Items listed in a dataset
◆ ◆ ◆ ◆ ◆ ◆ ◆

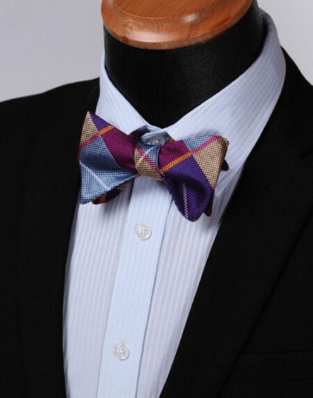 Burgundy Gray check Mens Silk Self tie Bow Tie with Pocket Squares Set
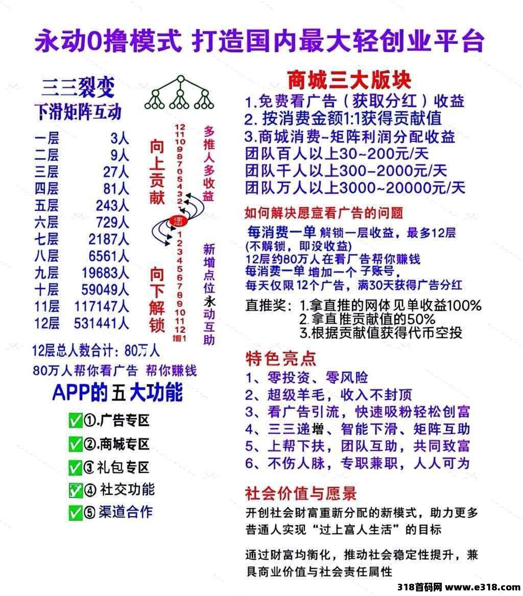 每消费一单就解一层收益,最多12层(每消费一单就增加一个子账号,每天仅限12个广告,30天获得广告**
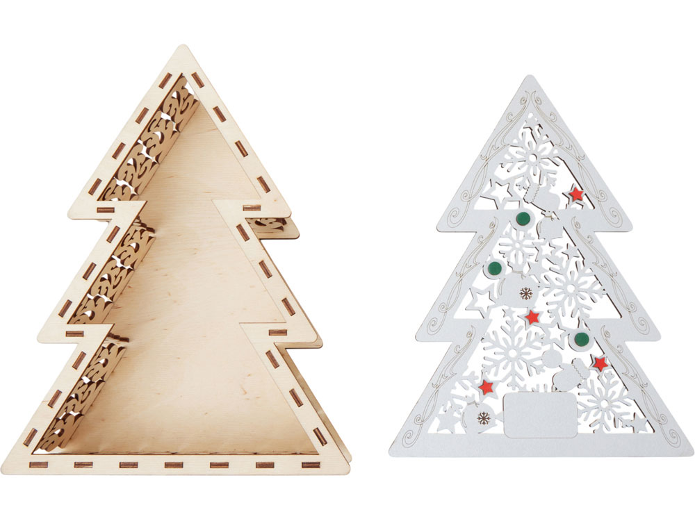 Шкатулка из фанеры в виде елки Firytale , серебристая с логотипом компании - отличный способ заявить вашу корпоративную идентичность.
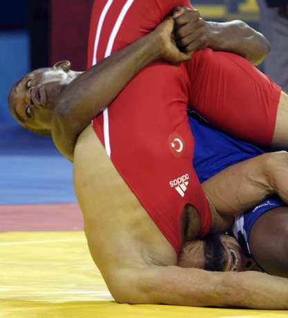 Turkey's Ramazan Sahin (red) grapples with Cuba's Geandry Garzon during their men's 66kg freestyle 1/8 final wrestling match at the 2008 Beijing Olympic Games on August 20, 2008. [Agencies]
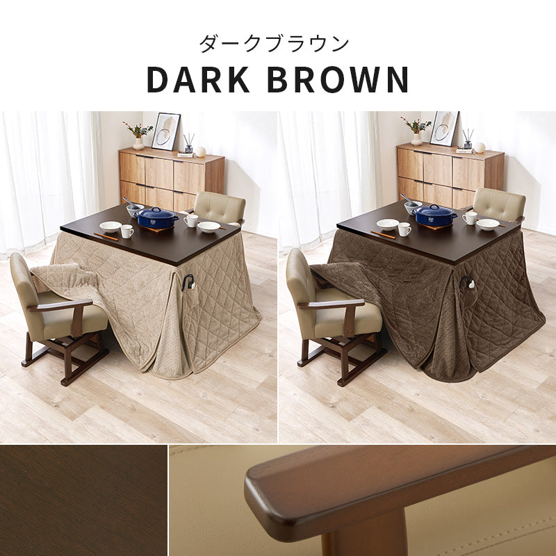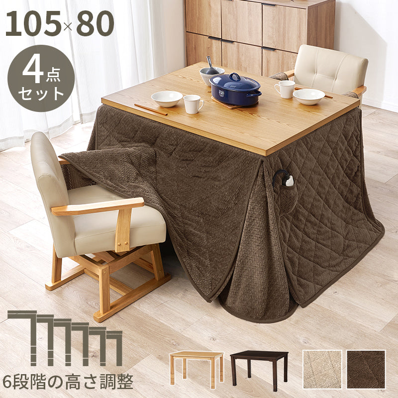 ダイニングコタツ4点セット テーブルの高さを6段階に変更 こたつ布団セット 105×80cm こたつ椅子 2脚 ダイニングこたつ
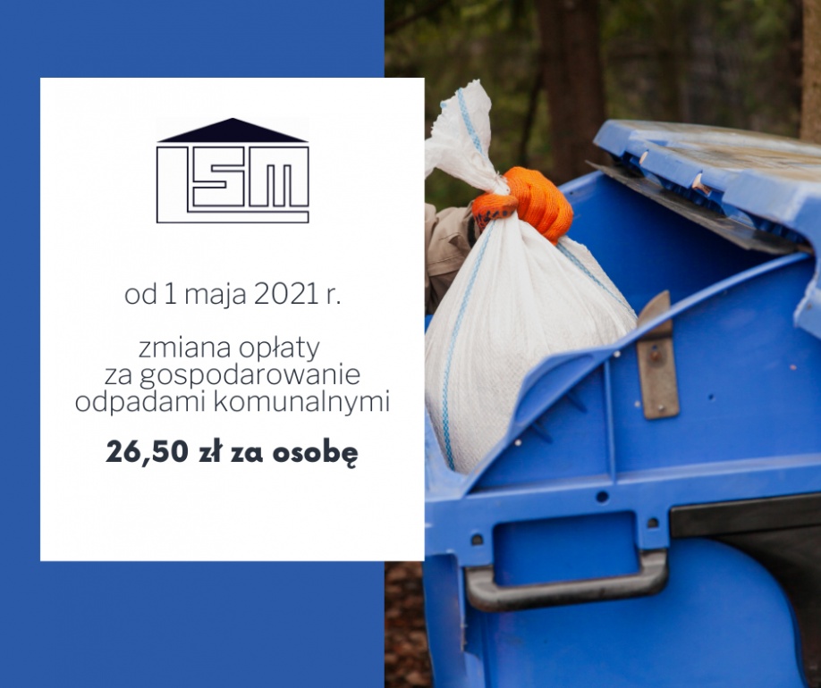 Z mocy Uchwały Rady Miejskiej Legnicy nr XXIX/358/21 z dnia 29.03.2021 r. w sprawie wyboru metody ustalenia opłaty za gospodarowanie odpadami komunalnymi oraz ustalenia wysokości stawek tej opłaty i wysokości zwolnienia, od 1.05.2021 r. zmienia się opłata za gospodarowanie odpadami komunalnymi z: 21,80 zł/osobę/ miesiąc na 26,50 zł/osobę/ miesiąc.
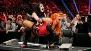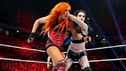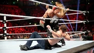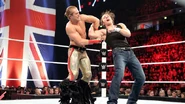 She's Maiden Ireland, all right, but Becky Lynch does just fine in England as well. The Divas Revolutionary defeated her traitorous comrade-in-arms Paige on the Anti-Diva's home turf, though The Lass Kicker certainly paid the price for not just humiliating Charlotte's No. 1 contender, but surprising her. That's because Paige was firmly in control during the duration of their bout, putting the boots to the “B” and attempting a series of hands-on-the-tights rollups, forcing Becky to turn it around and get a “P” — pin, that is — with a hand of Paige's own trunks ... which led to a PTO atop the commentary table as payback. Hey, a “W” is a “W.”
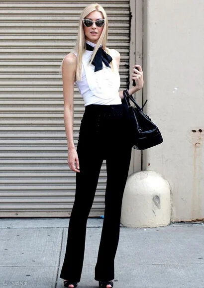 白衬衫黑西裤本是职场女性最基本的穿搭配置。若稍加变化即不失为时尚之选,衬衫前襟加之荷叶边造型装饰 ,一条系成蝴蝶结样式的领巾点缀在领口位置,裤装将腰线上移最后配搭一双黑底高跟鞋。
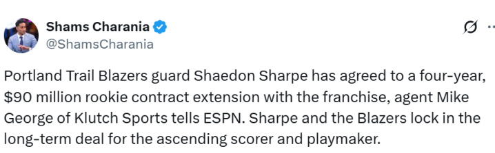 夏普被认为是开拓者队寄望重返西部强队之列的核心所在。开拓者队拥有年轻的核心阵容,包括24岁的阿夫迪亚、25岁的卡马拉和21岁的克林根。他们希望夏普和21岁的控球后卫斯库特・亨德森(因腿筋伤势将缺席赛季初期的比赛)能在本赛季有出色表现,推动开拓者队自2021年以来首次打入季后赛。
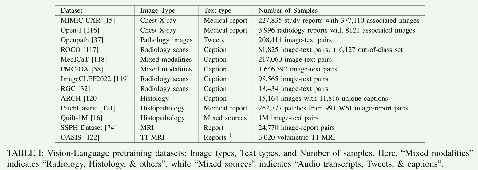 预训练数据集是用于训练医学VLP模型的基础,包括大量医学图像和对应的文本数据。一些主要的预训练数据集包括:
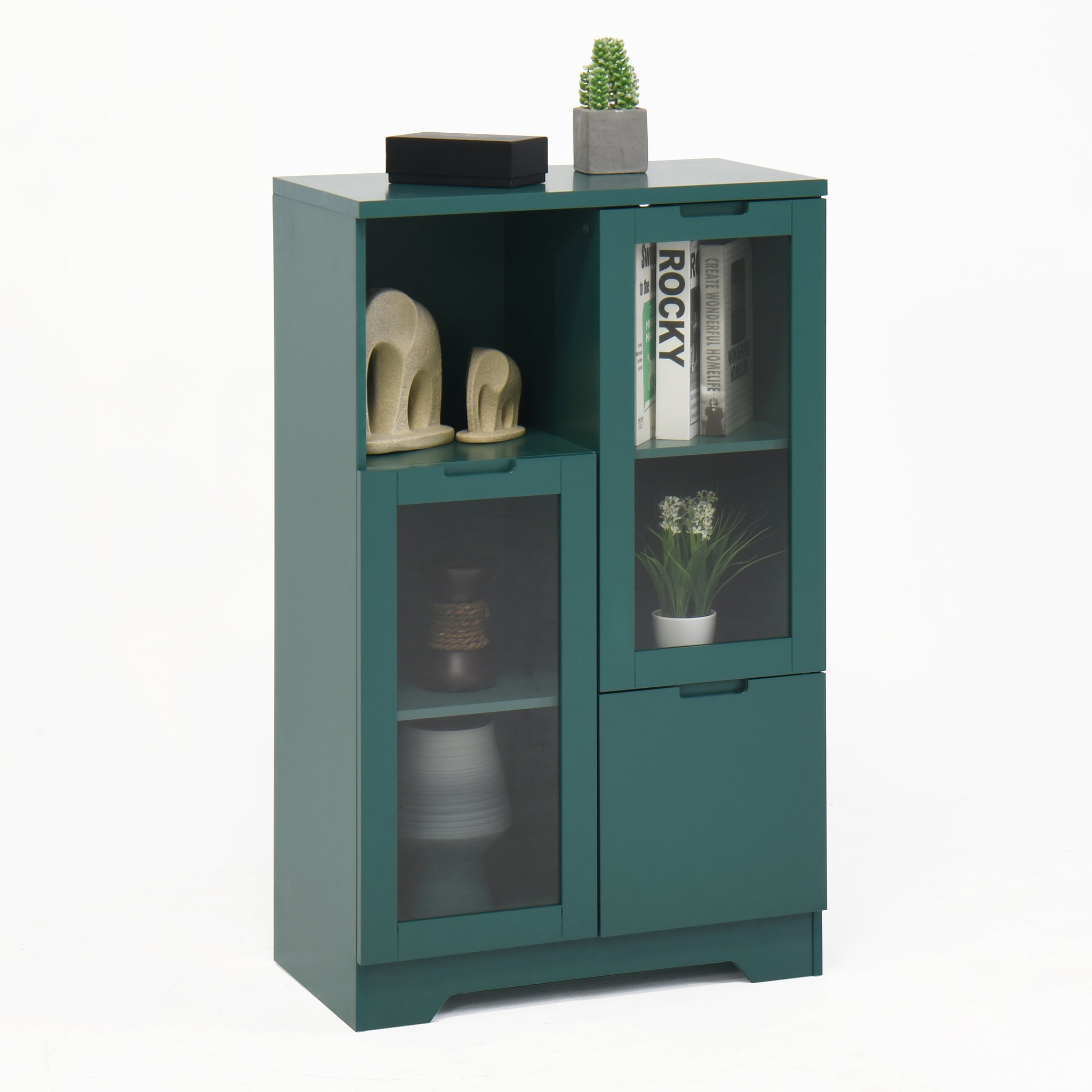 Modern MDF Painted Cabinet with Glass Doors and Drawer, Green, Bedroom Living Room Storage
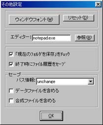 ウィンドウフォント、リセット Data Window 等に表示される文字のフォント。リセットでデフォルトに戻す。 エディター データダイアログボックスの「Edit」、Data Window のポップアップメニューの「Edit」で、データファイルを編集するために起動されるエディター。 「現在のフォルダを保存」をチェック ファイルを選択するダイアログボックスを開いた時、「現在のフォルダ開く」が初期状態でチェックされているようにする。 終了時にファイル履歴をセーブ グラフファイル(NGPファイル)の履歴とデータファイルの履歴(それぞれ、[グラフ]メニュー、[データ]メニューの下側にリストされる)を終了時に保存する。 パス情報、データファイルを含める、合成ファイルを含める 「グラフの保存」ダイアログボックスの初期状態を決める。
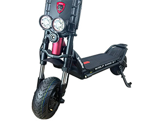 Takket være det avancerede hydrauliske affjedringssystem og det unikke forgaffeldesign garanterer Wolf King GT Pro en jævn og behagelig kørsel på både barske stier og i byterræn. Derudover tilbyder det rummelige platform generøs ståplads, så man kan køre længere ture uden at blive træt.

◆ ◆ ◆ ◆ ◆ ◆ ◆

Pictures are to be left out; otherwise, retype exactly the lines from the first line of the data through the line containing "Modern MDF Painted".

Response area:
 Burgundy Gray check Mens Silk Self tie Bow Tie with Pocket Squares Set
 每消费一单就解一层收益,最多12层(每消费一单就增加一个子账号,每天仅限12个广告,30天获得广告**
 Шкатулка из фанеры в виде елки Firytale , серебристая с логотипом компании - отличный способ заявить вашу корпоративную идентичность.
 Turkey's Ramazan Sahin (red) grapples with Cuba's Geandry Garzon during their men's 66kg freestyle 1/8 final wrestling match at the 2008 Beijing Olympic Games on August 20, 2008. [Agencies]
 ダイニングコタツ4点セット テーブルの高さを6段階に変更 こたつ布団セット 105×80cm こたつ椅子 2脚 ダイニングこたつ
 Z mocy Uchwały Rady Miejskiej Legnicy nr XXIX/358/21 z dnia 29.03.2021 r. w sprawie wyboru metody ustalenia opłaty za gospodarowanie odpadami komunalnymi oraz ustalenia wysokości stawek tej opłaty i wysokości zwolnienia, od 1.05.2021 r. zmienia się opłata za gospodarowanie odpadami komunalnymi z: 21,80 zł/osobę/ miesiąc na 26,50 zł/osobę/ miesiąc.
 She's Maiden Ireland, all right, but Becky Lynch does just fine in England as well. The Divas Revolutionary defeated her traitorous comrade-in-arms Paige on the Anti-Diva's home turf, though The Lass Kicker certainly paid the price for not just humiliating Charlotte's No. 1 contender, but surprising her. That's because Paige was firmly in control during the duration of their bout, putting the boots to the “B” and attempting a series of hands-on-the-tights rollups, forcing Becky to turn it around and get a “P” — pin, that is — with a hand of Paige's own trunks ... which led to a PTO atop the commentary table as payback. Hey, a “W” is a “W.”
 白衬衫黑西裤本是职场女性最基本的穿搭配置。若稍加变化即不失为时尚之选,衬衫前襟加之荷叶边造型装饰 ,一条系成蝴蝶结样式的领巾点缀在领口位置,裤装将腰线上移最后配搭一双黑底高跟鞋。
 夏普被认为是开拓者队寄望重返西部强队之列的核心所在。开拓者队拥有年轻的核心阵容,包括24岁的阿夫迪亚、25岁的卡马拉和21岁的克林根。他们希望夏普和21岁的控球后卫斯库特・亨德森(因腿筋伤势将缺席赛季初期的比赛)能在本赛季有出色表现,推动开拓者队自2021年以来首次打入季后赛。
 预训练数据集是用于训练医学VLP模型的基础,包括大量医学图像和对应的文本数据。一些主要的预训练数据集包括:
 Modern MDF Painted Cabinet with Glass Doors and Drawer, Green, Bedroom Living Room Storage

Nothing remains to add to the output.